Progressivement, nous nous transformons en robot électronique, c'est notre réponse pour concilier la folie du marché qui transforme tout en marchandise ».

Sur ce sujet du transhumanisme, André Comte-Sponville reste inquiet, mais aussi pragmatique. Il précise d'emblée que l'humanité a moins changé qu'on ne le pense. « Il y a une continuité de l'humanité, que cette révolution scientifique et technique ne saurait abolir. Rien d'essentiel n'a changé. L'humanité ne change pas à chaque bouleversement scientifique ou technique et les problèmes philosophiques ne sont pas bouleversés par chaque changement technique, car l'humanité c'est d'abord le corps.

Le danger c'est bien le transhumanisme, si nous transformons le corps de l'homme, nous allons perdre la continuité du corps qui existe depuis le néolithique. Mais le transhumanisme tel qu'annoncé suppose des progrès considérables en intelligence artificielle qui viennent buter sur un point essentiel, il faudra un jour un ordinateur conscient et doué de volonté. Or, je ne vois pas le début du processus, mon ordinateur actuel a le même niveau de conscience que ma première machine à écrire, à savoir le niveau zéro. Les progrès considérables de l'informatique n'ont fait aucune avancée en matière de conscience. Une puissance de calcul sans conscience ne fera jamais un esprit.
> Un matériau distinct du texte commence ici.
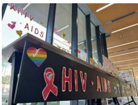
区内大学学園祭へのブース出展

あわせて、定期的に感染症に関する普及・啓発を重点実施する「予防月間」等の機会を活用するとともに、区内の教育機関などと連携した広報や健康教育を行うなど、多様なコミュニティを通じた情報伝達により、効果的に普及・啓発を行います。

Je ne conteste pas les révolutions industrielles, il est clair que les changements techniques sont importants. D'ailleurs, ce n'est pas parce que les gens avaient une autre vision du monde qu'ils ont fait la révolution industrielle, mais c'est parce qu'ils ont fait la révolution industrielle qu'ils ont eu une autre vision du monde.

Aussi, il importe de préserver l'humanité qui existe depuis 100.000 ans. Alors avec quelles valeurs faut-il avancer ? C'est très simple, soit avec les valeurs que vous avez reçues, soit avec celles que vous avez inventées. Et comme personne n'a jamais inventé de nouvelle valeur, les seules qui valent sont celles que nous avons reçues.

Le résultat de la révolution actuelle, c'est la reprise des bases de sagesses immémoriales que sont amour, justice et générosité ».

Un débat philosophique qu'il est parfois bon d'entendre, tellement nous sommes absorbés par cette quatrième révolution industrielle. Et comme concluait, lors de ce débat, l'auteur de l'ouvrage « nous revenons toujours au même endroit, nous sommes dans un phénomène de spirale. L'histoire de l'humanité revient au même endroit, mais l'altitude change ».